Limitations & Future Work

  • Covers only 6 chart types and 3 libraries; does not include complex visualizations like Sankey, heatmaps, or 3D plots.
  • While verified by humans, the underlying summaries are LLM-generated and may inherit stylistic biases from training data.
  • Main evaluation relies on GPT Score; despite high correlation (\(r=0.91\)), it cannot fully replace in-depth expert evaluation.

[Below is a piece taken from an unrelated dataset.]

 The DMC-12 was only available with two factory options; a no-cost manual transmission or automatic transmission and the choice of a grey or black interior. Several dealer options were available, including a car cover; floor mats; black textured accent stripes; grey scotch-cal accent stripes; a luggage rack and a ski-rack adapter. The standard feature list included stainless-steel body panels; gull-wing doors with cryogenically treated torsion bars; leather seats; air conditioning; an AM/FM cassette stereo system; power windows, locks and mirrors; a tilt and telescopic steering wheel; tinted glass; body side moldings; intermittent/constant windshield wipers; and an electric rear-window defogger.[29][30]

  • Focuses on open-ended summarization; does not cover tasks like difference detection QA or point-by-point alignment.
  • Missing large-scale fine-tuning experiments; specialized models were only fine-tuned for 5 epochs.
  • vs. ChartAB: While both are large-scale, ChartAB focuses on grounding/alignment diagnostics, whereas ChartDiff targets holistic comparative summarization.

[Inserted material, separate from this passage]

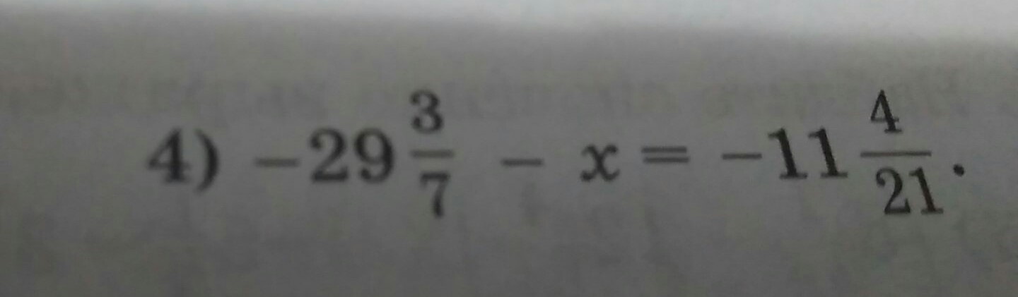 - 29 times frac{3}{7} - x = - 11 frac{4}{21} \  -  frac{87}{7} - x =  frac{44}{21} \  - x =  frac{44}{21} +  frac{87}{7} \  - x =  frac{31}{3} \ x =  -  frac{31}{3}

  • vs. MultiChartQA / INTERCHART / ReMI: ChartDiff addresses the "open-ended generation" gap with its 8.5k pairs.
  • vs. Specialized Models (MatCha, ChartGemma): The findings serve as a wake-up call that current chart-specific instruction tuning suffers from severe over-fitting to templates.

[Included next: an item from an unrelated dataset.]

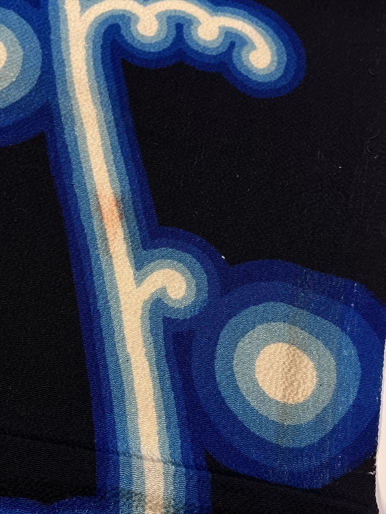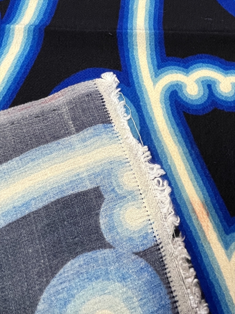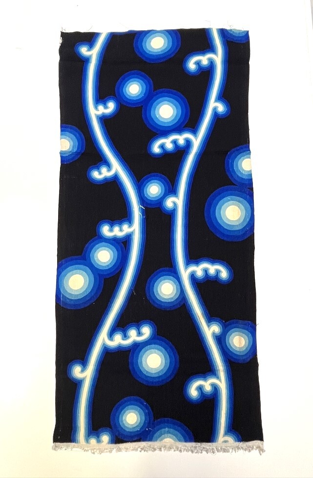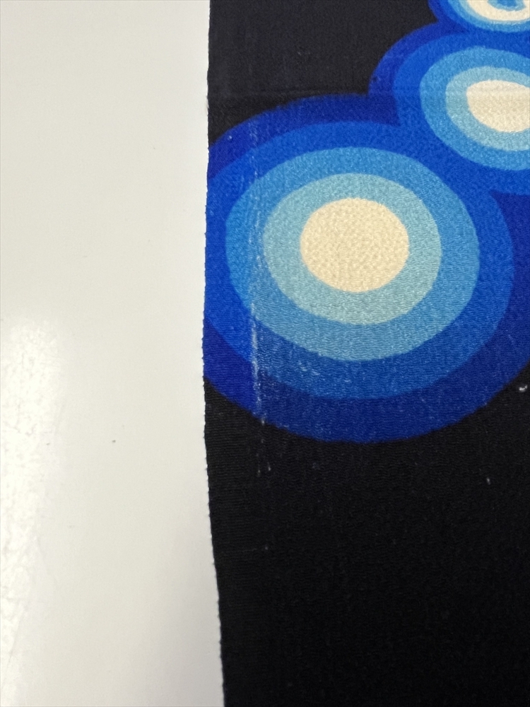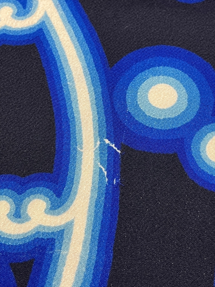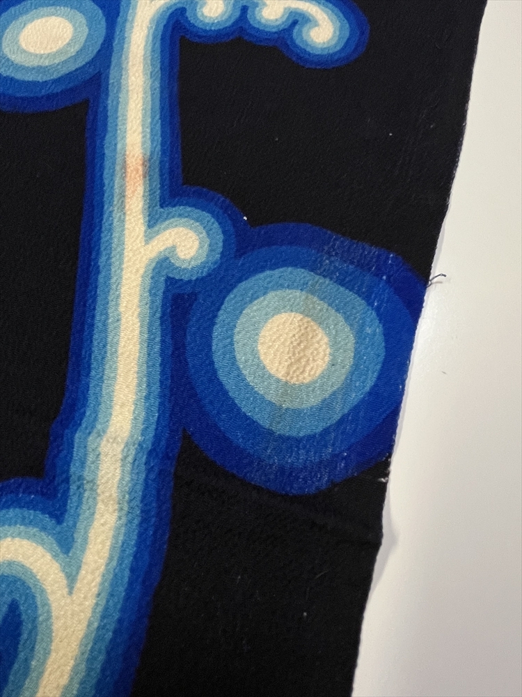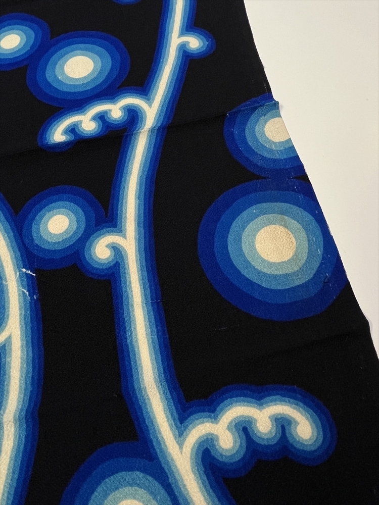 花とら●リサイクル端切れ 黒地 モダン 青丸 植物? 立涌風 リメイク 素材 細工用    240505-7

  • Insights: (1) Future chart research should target the dual challenge of "multi-chart + multi-series"; (2) The decoupled annotation paradigm (Data-level LLM labeling + Image-level testing) is highly effective; (3) Future specialized models must shift from "imitating reference style" to "generating factually correct and comprehensive descriptions."

Rating

  • Novelty: ⭐⭐⭐⭐ First 8k+ scale comparative summarization benchmark.
  • Experimental Thoroughness: ⭐⭐⭐⭐ Solid across models and slices, though lacking scaling/fine-tuning depth.
  • Writing Quality: ⭐⭐⭐⭐ Clear arguments and user-friendly tables.
  • Value: ⭐⭐⭐⭐⭐ The findings regarding ROUGE mismatch and specialized model failure will likely reshape the evaluation paradigm in chart understanding.